High quality activated alumina for every drying application
Water removal steps appear everywhere in industry with activated alumina standing in the forefront of the several different materials available. The low cost of alumina, its chemical and physical resistance, its regenerability and its high capacity for retaining water are among the reasons for its widespread acceptance.
AxSorb® D spheres. This product has been specifically developed for air drying. A smooth aspect of the grain has been designed for improved mechanical properties. Very high attrition resistance and crush strength are combined with high surface area and static adsorption capacity to give AxSorb® D the features required for the most demanding and safest drying operating conditions.
We offer consistently high quality aluminas that feature high mechanical strength, adsorptive properties and resistance to aging. At D&F Techniek you get the insurance that every single batch is tested on adsorption capacity.
Our activated alumina has a very high resistance to attrition and crushing. This is a result of the production process and the spherical form of the grains. The attrition and crushing values for spheres are well adapted to their applications, the spherical form making possible homogeneous and compact loading with very little subsequent settling. Higher flow rates are allowed and taller drying vessels can be used
Adsorption is a process in which a gas or vapor adheres to the surface of a solid without intimate admixture with the atoms of the solid: this is the case with activated alumina. Since adsorption is a surface phenomenon, good adsorbents are those which present large surface areas per unit mass and which have high attractive forces for the target species. The adsorption capacity is directly proportional to the surface exposed and the pressure or concentration of the material to be adsorbed. The optimized high porosity of activated alumina gives a high specific surface and a large adsorption capacity per unit weight. Even when saturated with water, activated alumina looks and feels dry. Also, activated alumina is chemically inert toward most liquids and gases. Its excellent resistance to fouling by olefins is the reason for its wide use in the treatment of petrochemicals.
Aging In a commercial unit, hydrothermal deterioration and chemical contamination or fouling are the two main causes of alumina aging.
- Hydrothermal aging Hydrothermal aging is the result of a gradual irreversible change of the alumina structure, generally due to hydrothermal treatment during regeneration. Aging is mainly dependent on the number of regenerations (i.e., adsorption/desorption cycles). This is why it pays to regenerate at longer intervals by using the available capacity to its fullest extent. This is done by adjusting the cycle length. The main consequence is the surface area reduction due to a “collapsed pores” effect. Under normal working conditions, aging brings about a 50% decrease in the initial properties of the alumina in a period of two to four years. Accelerated hydrothermal tests by an independent organization show that AxSorb® D grade, for example, stands significantly above the competition (see Figure 1)

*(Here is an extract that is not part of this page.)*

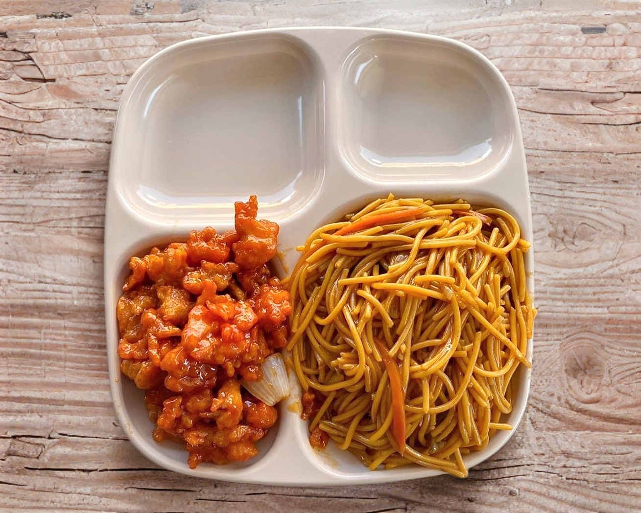 Incluye arroz o espagueti + 2 guisados e elccion + salsas agridulce, soya con picante, cubiertos y servilletas. (Porcion personal)

- Aging by Contamination or Fouling Theoretically reversible, this form of aging occurs when the active surface of the alumina is coated or access to its active sites is blocked by either a direct deposit of oil, or by degradation, polymerization or oxidation of unstable compounds present in the fluid passing through the alumina. In practice, the phenomenon is not completely reversible and immobile carbon deposits increase at each regeneration, leading to a progressive decrease of the adsorption dynamic capacity. Aluminas manufactured by Axens have earned wide recognition in comparison with standard market solutions. The high surface area and tailored pore distribution provide a high dynamic water adsorption capacity, coupled with excellent physical and mechanical properties. Their outstanding stability yields a long life time by achieving low water dew point, both with TSA (Temperature Swing Adsorption) and PSA (Pressure Swing Adsorption) processes.